┌─ SUPPLIED DATA

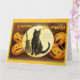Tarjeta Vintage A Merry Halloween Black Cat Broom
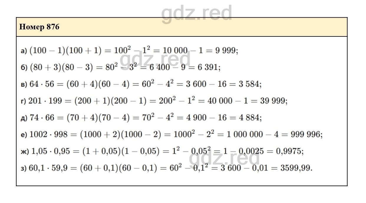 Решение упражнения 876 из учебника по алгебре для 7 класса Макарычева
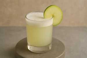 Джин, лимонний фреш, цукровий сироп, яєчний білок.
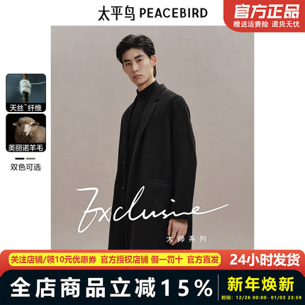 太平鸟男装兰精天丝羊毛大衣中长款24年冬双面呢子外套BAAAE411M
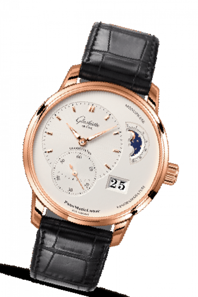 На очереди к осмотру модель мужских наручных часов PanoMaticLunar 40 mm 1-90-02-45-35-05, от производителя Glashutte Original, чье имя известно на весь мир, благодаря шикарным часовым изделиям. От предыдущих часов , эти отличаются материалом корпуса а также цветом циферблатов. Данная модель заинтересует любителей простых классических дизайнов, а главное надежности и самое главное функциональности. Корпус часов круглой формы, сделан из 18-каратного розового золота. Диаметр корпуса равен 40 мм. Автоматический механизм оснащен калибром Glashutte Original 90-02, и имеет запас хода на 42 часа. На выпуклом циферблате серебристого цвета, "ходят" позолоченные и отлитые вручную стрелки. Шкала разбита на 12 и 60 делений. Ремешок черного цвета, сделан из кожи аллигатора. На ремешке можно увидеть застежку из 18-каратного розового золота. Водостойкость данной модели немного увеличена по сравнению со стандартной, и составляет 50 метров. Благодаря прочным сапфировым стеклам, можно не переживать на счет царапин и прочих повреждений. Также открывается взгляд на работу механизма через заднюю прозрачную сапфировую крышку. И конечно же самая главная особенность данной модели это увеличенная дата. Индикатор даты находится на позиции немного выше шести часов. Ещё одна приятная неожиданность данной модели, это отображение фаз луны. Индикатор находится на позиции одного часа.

└─
┌─ SUPPLIED DATA

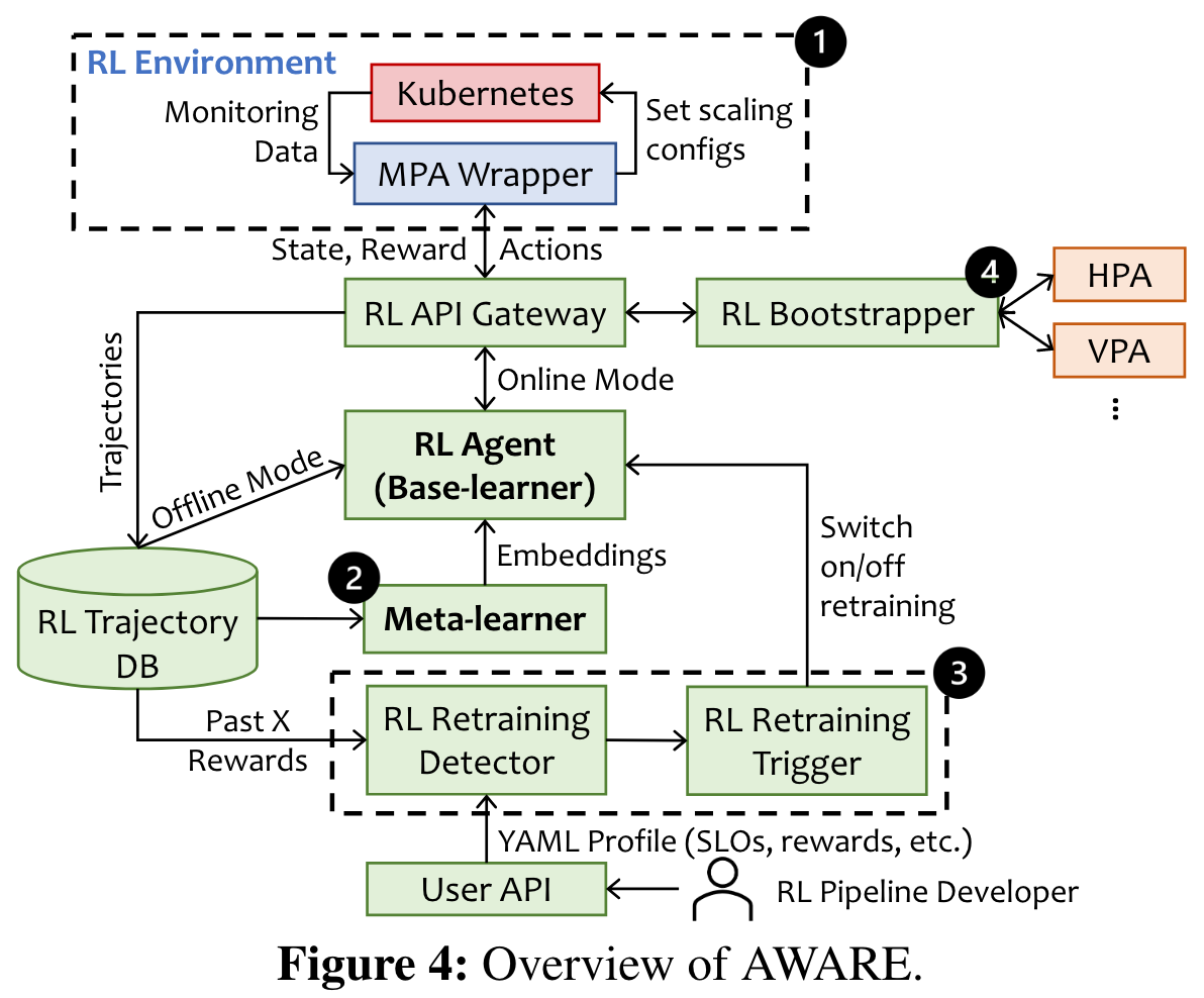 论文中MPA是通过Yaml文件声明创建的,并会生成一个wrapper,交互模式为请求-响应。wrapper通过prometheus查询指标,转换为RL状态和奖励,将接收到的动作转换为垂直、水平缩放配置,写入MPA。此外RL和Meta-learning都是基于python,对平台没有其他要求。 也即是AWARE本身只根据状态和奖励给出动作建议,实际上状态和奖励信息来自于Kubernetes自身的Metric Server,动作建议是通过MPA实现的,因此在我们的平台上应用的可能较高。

└─

• [EXERCISE GOAL]: Transcribe only this stretch of the data: the line with "Решение упражнения 876", the line with "太平鸟男装兰精天丝羊毛大衣中长款24年冬双面呢子外套BAAAE411M", and every line in between. Leave out the pictures.

• [REPLY TO THE EXERCISE]:
 Решение упражнения 876 из учебника по алгебре для 7 класса Макарычева
 Джин, лимонний фреш, цукровий сироп, яєчний білок.
 太平鸟男装兰精天丝羊毛大衣中长款24年冬双面呢子外套BAAAE411M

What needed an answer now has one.